Fara Williams was recently given the chance to tour a U.S. Navy submarine and aircraft carrier as part of her involvement in the Oklahoma Louis Stokes Alliance Minority Participation program (OKAMP).
The OKAMP program provides support for minority students majoring in science, technology, engineering or math by helping them find faculty mentors as well as internship and scholarship opportunities.
Williams is the data coordinator for the OKAMP program where she helps students find research and presentation opportunities, organizes program activities, and documents scholar participation at each of the 11 participating OKAMP universities.
She was given this opportunity as a recruiting tool for the Navy, who hope that her experiences may encourage students to come work for them.
“I learned about what life is like on these boats,” Williams said. “I will share that information with students who are thinking about going into the Navy.”
Williams spent Dec. 17 touring a destroyer and a submarine in San Diego as part of a recruiting exercise for the Navy’s NUPOC program, a training program designed to produce nuclear trained officers.
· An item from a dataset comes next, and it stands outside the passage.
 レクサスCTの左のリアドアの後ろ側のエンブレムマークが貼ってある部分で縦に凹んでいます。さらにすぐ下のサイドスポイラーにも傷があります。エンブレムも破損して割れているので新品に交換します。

Students enlist in the Navy (as E6 officers) while still pursuing their bachelor’s degrees.
“The NUPOC program has two options,” Williams said, ”The ship option allows trainees to start on a small ship such as a destroyer, complete their nuclear training, and then move to an air craft carrier. The sub option sends the trainee straight to nuclear training before deployment on a submarine.”
After her trip to San Diego, Williams was invited to Florida for another tour, this time on an aircraft carrier. “I flew out of Florida on a C2 and completed an arrested landing on the flight deck of the USS Dwight D. Eisenhower,” Williams said.
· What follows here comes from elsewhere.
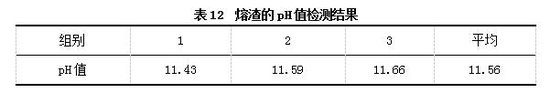 水泥混凝土是一種偏堿性的材料,正因為如此,才能對包裹其中的鋼筋起到很好的保護作用。為了確定熔渣是否適合在混凝土中使用,檢測了3組熔渣樣品的pH值,結果列于表12。

She was amazed at how much training goes into being carrier certified and how much responsibility is given to young sailors. “When I toured the bridge, the sailor driving the carrier was just 19 years old,” Williams said. “He had been on the ship for only two months.”
Williams left the carrier with a catapult-assisted takeoff, which means the plane goes from zero to 128 mph in just two seconds and its occupants experience 3G force.
“It was an amazing trip, most sailors do not even get to do a take off and landing,” Williams said. “It is an elite group and I am glad I got to be a part of it.”